The saddest songs are written to make you think, make you remember and make you cry. The very best of the saddest songs could make even the toughest man lose his senses for a moment. Here is a list of the very saddest songs of all time.
- "The Dance" (1990) - Tony Arata. It is never very clear exactly what "The Dance" (1990) is about. Is it about a couple cut short because of the death of one of the lovers? Is it about someone that learns his spouse was unfaithful? The full message is never clearly described. But when Garth Brooks sings the song with the deep voice of his, it becomes one of the saddest songs you ever heard.
- "Season in the Sun" (1974) - Jacques Brel & Rod McKuen. This was the only hit song for singer Terry Jacks, but it was enough to make him a worldwide sensation. The music for this song is rather upbeat, but it is also deceiving. Once you start to listen to Jacks sing the story of a man saying goodbye to his friends because he is dying, you realize that this is a very sad song.
- "Beth" (1976) - Peter Criss & Stan Penridge. The popular misconception about this sad song is that Peter Criss wrote it for his wife. The truth is that he wrote it before joining Kiss and after listening to a phone call between a band member and the band member's wife Beth. It tells a story common to working musicians, and was the centerpiece of Kiss shows for many years.
- "Hurt" (1995) - Trent Reznor. It isn't the Nine Inch Nails version of this song that makes the list of saddest songs, it is the 2002 cover by Johnny Cash that strikes a chord with people. The song is depressing enough as it is, but to hear Johnny Cash sing it brings a whole new aura to it. You can tell that the lyrics mean something to Cash, and that he has lived the pain in the song.

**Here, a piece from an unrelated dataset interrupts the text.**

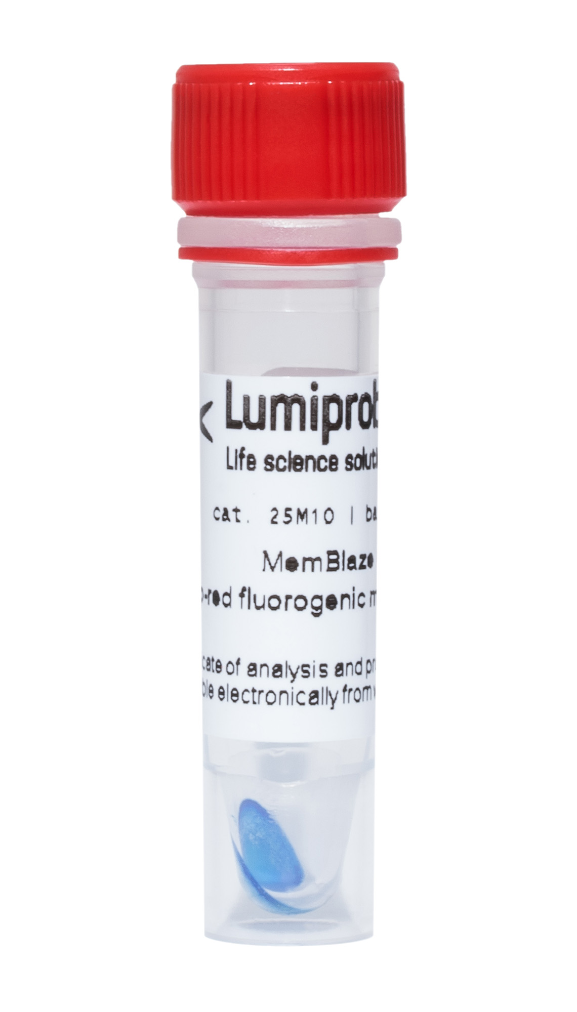 В водной среде MemBlaze® 640 образует слабофлуоресцентные агрегаты, однако при взаимодействии с биологическими мембранами его флуоресценция многократно усиливается, обеспечивая яркое и равномерное окрашивание плазматической мембраны с исключительно низким фоном. Флуорогенный механизм мечения позволяет использовать протоколы без этапов отмывки и достигать высокого отношения сигнал/шум даже при наномолярных рабочих концентрациях.

- "Butterfly Kisses" (1997) - Bob Carlisle & Randy Thomas. Any person that listens to this song is bound to be affected by its sad lyrics, but this is especially true if you have a daughter. It is the story of a man that watches his little girl grow up until he has to give her away at her wedding. The scratchy voice of Randy Carlisle adds a sad element to the song that makes it hard to ignore.